As the U.S. stock markets race to new highs, there has been increasing chatter about a forthcoming correction. Economic chaos reigns in Europe with constant debates about austerity and bailouts, and China seems destined to slow further as its credit-fueled investment boom ends. Commodity markets have tumbled, threatening the economies of Australia, South Africa, and Brazil, to name a few. In short, the economic horizon is cloudy – at best. There is increasing fear in many industries – including hospitality and travel – that we may be in another “bubble,” with the inevitable “burst” around the corner.
Given this fact, what should one do? Cut back on investments in fear of correction so many seem to feel is inevitable? Slow plans for future expansion? Double down and try to maximize business while it is here to be had?
While it’s very easy to focus on this short-term potential gloom, I think it’s also quite risky to do so. Underneath the headlines lie the makings of an unprecedented global consumption boom. With Energizer-bunny consistency, the emerging market middle class continues to grow…and grow…and grow.
The chart above illustrates the global flip-flop that has taken place since 1980, when three out of every four consumers in the world were based in the developed world. By 2025, it’s likely that three out of every four consumers will be based in what we today call the emerging world – with enormous implications for everything from food to fuel to healthcare – and, of course, to travel. Stop and think about this fact: the source markets of the majority of business 30 years ago will be the source markets of the minority of our business in just 10 years.
Think the airports you travel through today are crowded? Think again. The forthcoming boom in tourism and leisure travel is likely to pressure the entire hospitality system as those with newfound income indulge in vacations and global travel for the first time. High on the list of many emerging market consumers are the tourist destinations in the United States and Europe. Many young couples from countries such as China and India dream of being able to afford a honeymoon in Paris. The hope of seeing the United States is a still an unfulfilled vision for many of these young couples.
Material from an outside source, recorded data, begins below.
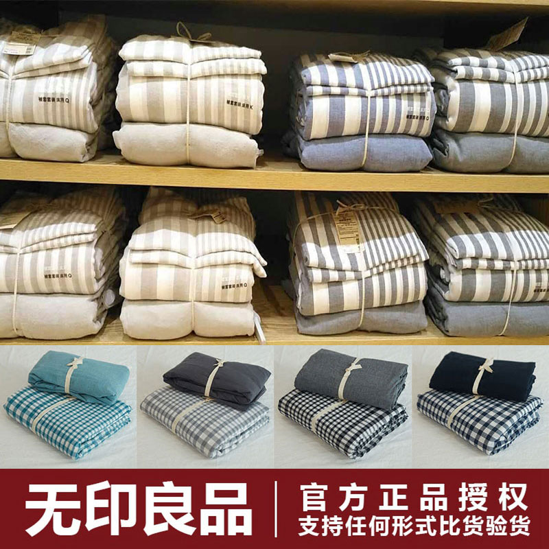 无印良品四件套全棉水洗100纯棉床单被套床笠三件套枕套上床用品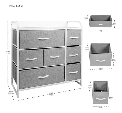• Distribución eficiente con dimensiones generales de 80x31.5x79cm. Los cajones pequeños de 20x27x18cm, los cajones medianos de 27x27x18.5cm y los cajones grandes de 54x27x18.5cm ofrecen una distribución eficiente para organizar artículos de distintos tamaños.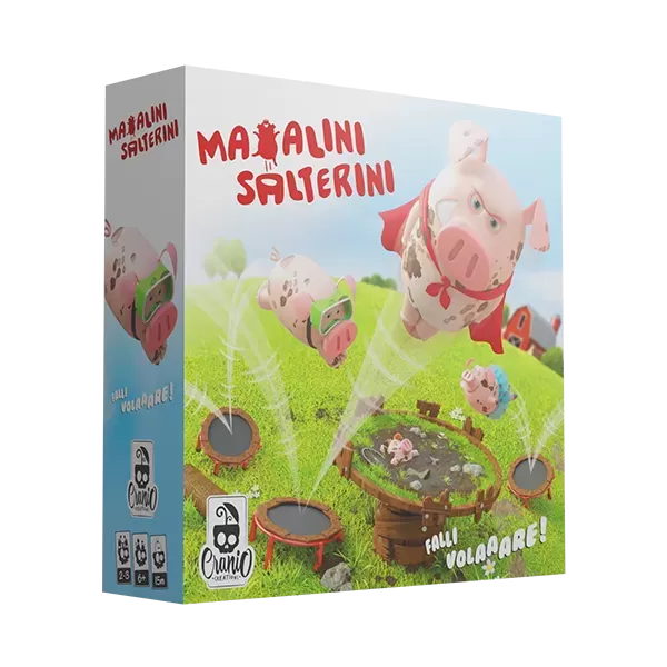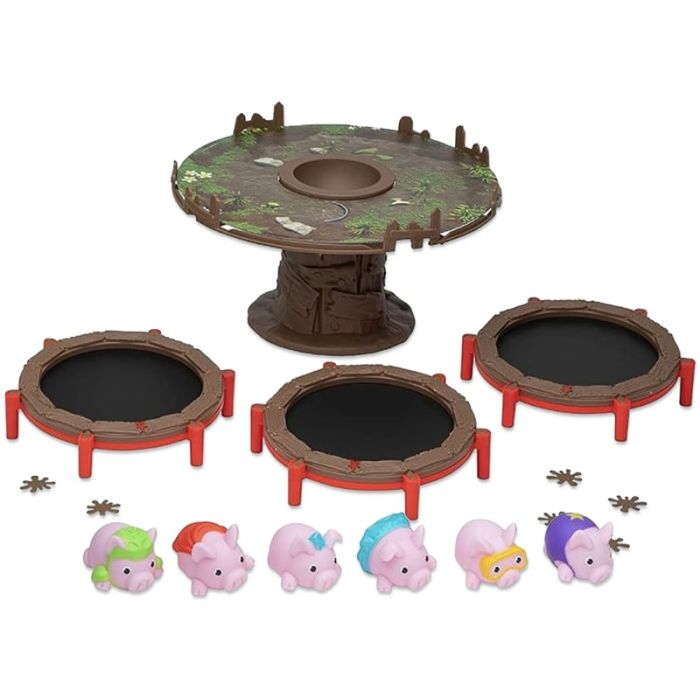 Usate i trampolini per far rimbalzare i maialini nel porcile e cercate di farli atterrare nella pozza di fango! Ogni maialino che farete atterrare nella pozza vi farà guadagnare una tortina di fango. Fate rimbalzare i vostri maialini fino a che non finiscono le tortine di fango. Il maialino più fangoso vince!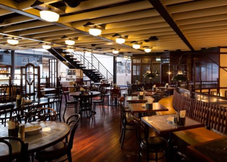 Дизайн этого глобального интерьера был разработан британской строительной студией «Macaulay Sinclair». Пространство помещения было разбито на ряд уровней, а общественная площадь составила наиболее 830 квадратных метров, где разместилось около 250 столов для сервировки.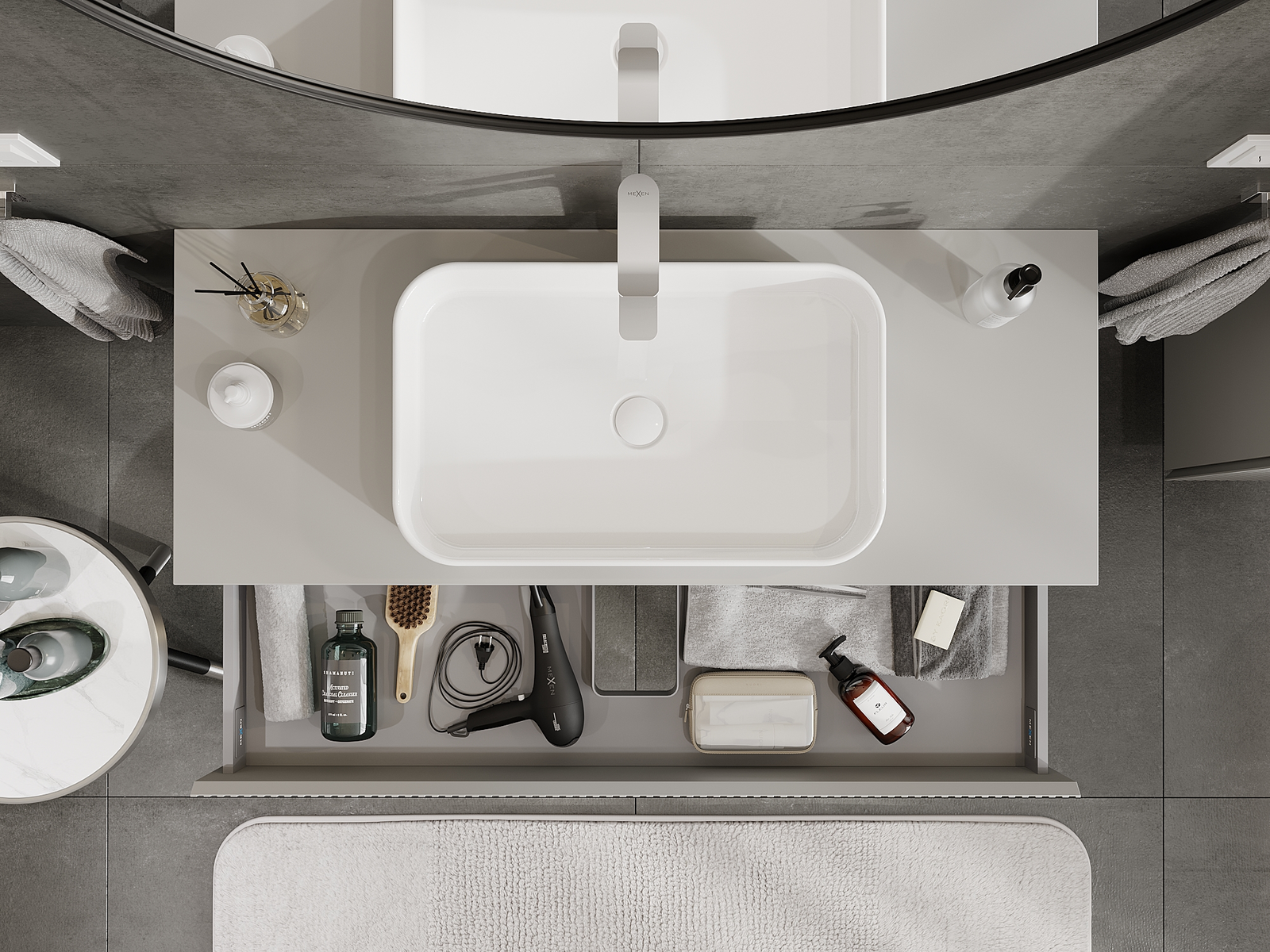 A fiókban lévő kivágás úgy van kialakítva, hogy befogadja a mosdó telepítéseknél szükséges szifont. Ennek köszönhetően a bútor teljesen funkcionálisan felszerelhető anélkül, hogy a fiók terének egy részét fel kellene áldozni a telepítés miatt.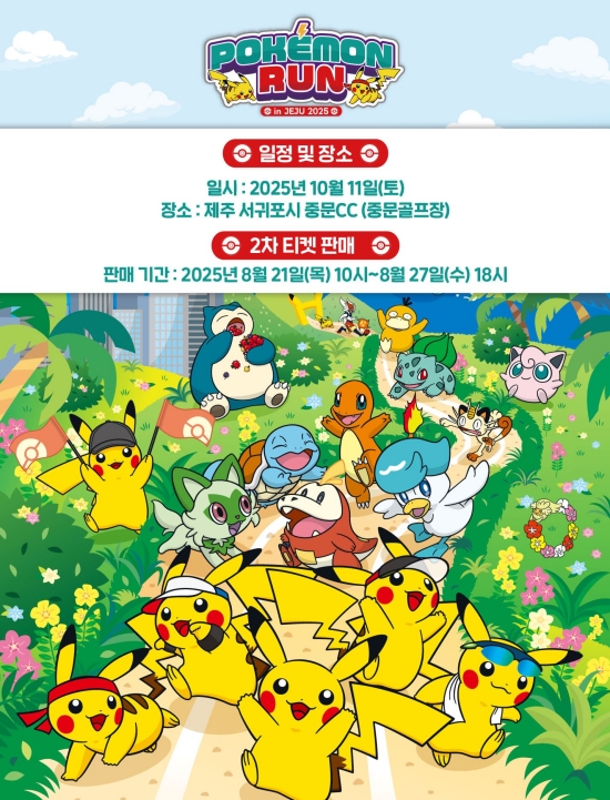 1일 ㈜포켓몬코리아(대표 임재범)는 10월 11일 제주도 서귀포시 중문골프장에서 열리는 '포켓몬 런 in JEJU 2025'의 참가 티켓이 전량 매진됐다고 밝혔다.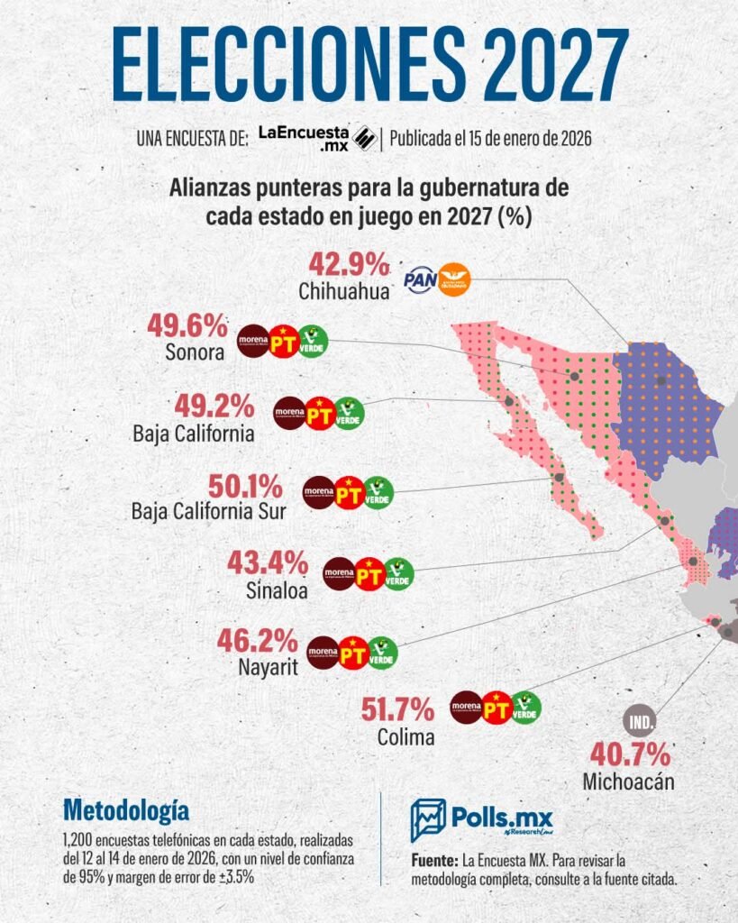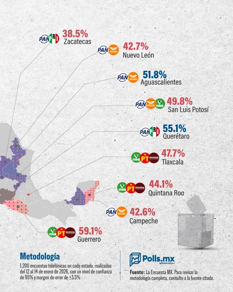 De estos 10 estados, donde Morena (con aliados) está mejor posicionada, encabeza Guerrero con 59.1; seguido de Colima con 51.7; Baja California Sur con 50.1; Sonora con 49.6; Baja California con 49.2; Tlaxcala con 47.7 y Nayarit con 46.2.

Economists debate things such as whether China and India will grow at 3% or 8%: the reality is that for most businesses in the hospitality sector, the answer to this debate is irrelevant. There is no debate as to whether the middle classes in these developing countries will continue to expand– it’s just a question of pace. Consider the following chart that explores the top five originating countries of 2014 tourist arrivals into the United States.
It’s worth highlighting that while China has risen to the #5 position, its annual growth rate at 28% far exceeds virtually all other originating countries. Interestingly, the second fastest growing originating country for tourist arrivals in the United States is Brazil, another so-called emerging market, at 11%. Perhaps a reflection of demographic dynamics, Japan’s tourist arrivals are now falling. It’s also important to note the relative size of the growing economies versus the size of the stabile economies. China’s population, for instance, is ~20x that of the United Kingdom. The impact of rapid growth from huge populations is a double-whammy that seems likely to generate an unprecedented consumption boom.
John Kenneth Galbraith has noted, “There are two kinds of forecasters. Those who don’t know and those who don’t know they don’t know.” I’ll leave it to you to decide which I may be, but in the midst of all this gloom, I see a forthcoming travel boom.